:: Exercise details ::
Nothing but the lines from the one containing "袖に施された大胆なスリースト" through the last line of the material should appear in the answer, transcribed exactly, pictures excluded.

:: The data ::
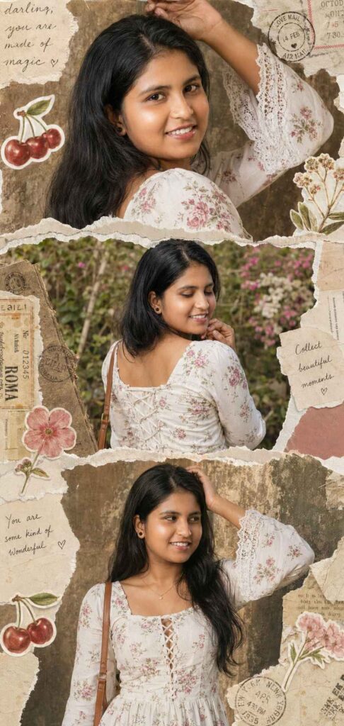 Use only the uploaded face (identical in all panels).Create an ultra-realistic 3-panel vertical collage (top/middle/bottom) of the same young woman.Outfit: White floral cotton kurti, square neckline (front/back), fited bodice withcorset lace-up, long bell sleeves with lacetrim. Minimal gold jewelry + shoulderhandbag. Same hair (long, slightlyvoluminous) and styling in all panels.Top: Close-up side pose, one arm raised, soft confident expression, warm lighting, textured background.Middle: Back pose, hand under chin, eyes closed smiling, natural daylight, outdoor garden.Bottom: Mid-shot front pose, hand on head, looking sideways, warm sunlight, slightly grainy backdrop.Style: Ultra-realistic scrapbook collage with torn paper edges, vintage textures, stickers (cherries/flowers), stamps, handwritten notes. Cohesive across all pannel
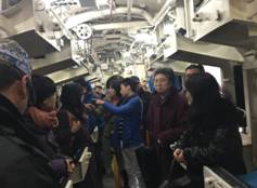 冬日的风雨没有阻挡9999js金沙老品牌教职工参观潜艇博物馆的热情。走进潜艇博物馆,学院的老师在讲解人员的带领下仔细观摩了033型潜艇的整体构造,亲身体验潜艇艇员在艇上艰苦的工作环境,了解了他们鲜为人知的趣闻轶事。360度模拟馆作为博物馆的新亮点,运用获得国家科技进步二等奖的科研成果,参观人员模拟潜艇巡航,感受潜艇生活的真实体验,观看了潜艇复杂的操作系统,进一步了解了潜艇在现代战争中重要作用以及战略地位。
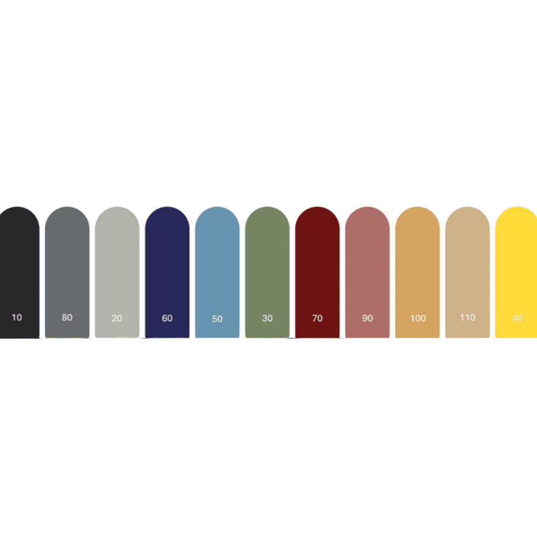 Sort og lys grå Semistd: Mørk blå, mørk rød, gul, lys blå og olivengrønn
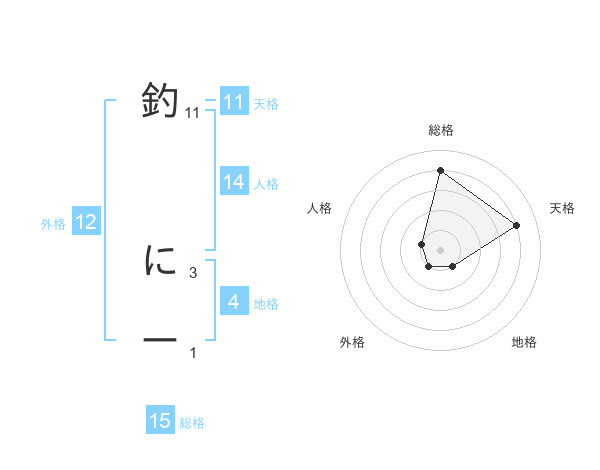 釣 にーさんの総格は15画の4点!
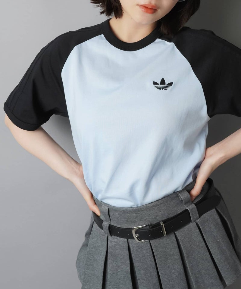 袖に施された大胆なスリーストライプスが独特でスポーティなエッジを効かせつつも、レギュラーフィットとラウンドネックがリラックス感とスタイリッシュさを漂わせる。
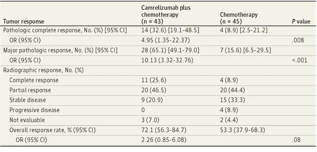 北京时间8月3日,AG体育医药创新药卡瑞利珠单抗联合化疗(Cam+CT)对比化疗(CT)新辅助治疗ⅢA/ⅢB (T3N2) 期非小细胞肺癌(NSCLC)结果在线发表于国际权威期刊JAMA Oncology[1]。该研究是由空军军医大学唐都医院姜涛教授、雷杰教授团队联合陕西省肿瘤医院雷光焰教授团队、兰州大学第二附属医院王成教授团队共同参与的一项随机对照、多中心、Ⅱ期临床研究(TD-FOREKNOW,NCT04338620)。研究结果显示,与化疗相比,卡瑞利珠单抗联合化疗新辅助治疗NSCLC显著提高了病理完全缓解(pCR)率(32.6% vs 8.9%,OR=4.95,95% CI :1.35-22.37, P =0 .008),且安全性良好。本研究是卡瑞利珠单抗新辅助治疗可切除NSCLC患者的首个随机对照研究,为NSCLC新辅助免疫治疗再添新证。

:: Solution for this exercise ::
 袖に施された大胆なスリーストライプスが独特でスポーティなエッジを効かせつつも、レギュラーフィットとラウンドネックがリラックス感とスタイリッシュさを漂わせる。
 北京时间8月3日,AG体育医药创新药卡瑞利珠单抗联合化疗(Cam+CT)对比化疗(CT)新辅助治疗ⅢA/ⅢB (T3N2) 期非小细胞肺癌(NSCLC)结果在线发表于国际权威期刊JAMA Oncology[1]。该研究是由空军军医大学唐都医院姜涛教授、雷杰教授团队联合陕西省肿瘤医院雷光焰教授团队、兰州大学第二附属医院王成教授团队共同参与的一项随机对照、多中心、Ⅱ期临床研究(TD-FOREKNOW,NCT04338620)。研究结果显示,与化疗相比,卡瑞利珠单抗联合化疗新辅助治疗NSCLC显著提高了病理完全缓解(pCR)率(32.6% vs 8.9%,OR=4.95,95% CI :1.35-22.37, P =0 .008),且安全性良好。本研究是卡瑞利珠单抗新辅助治疗可切除NSCLC患者的首个随机对照研究,为NSCLC新辅助免疫治疗再添新证。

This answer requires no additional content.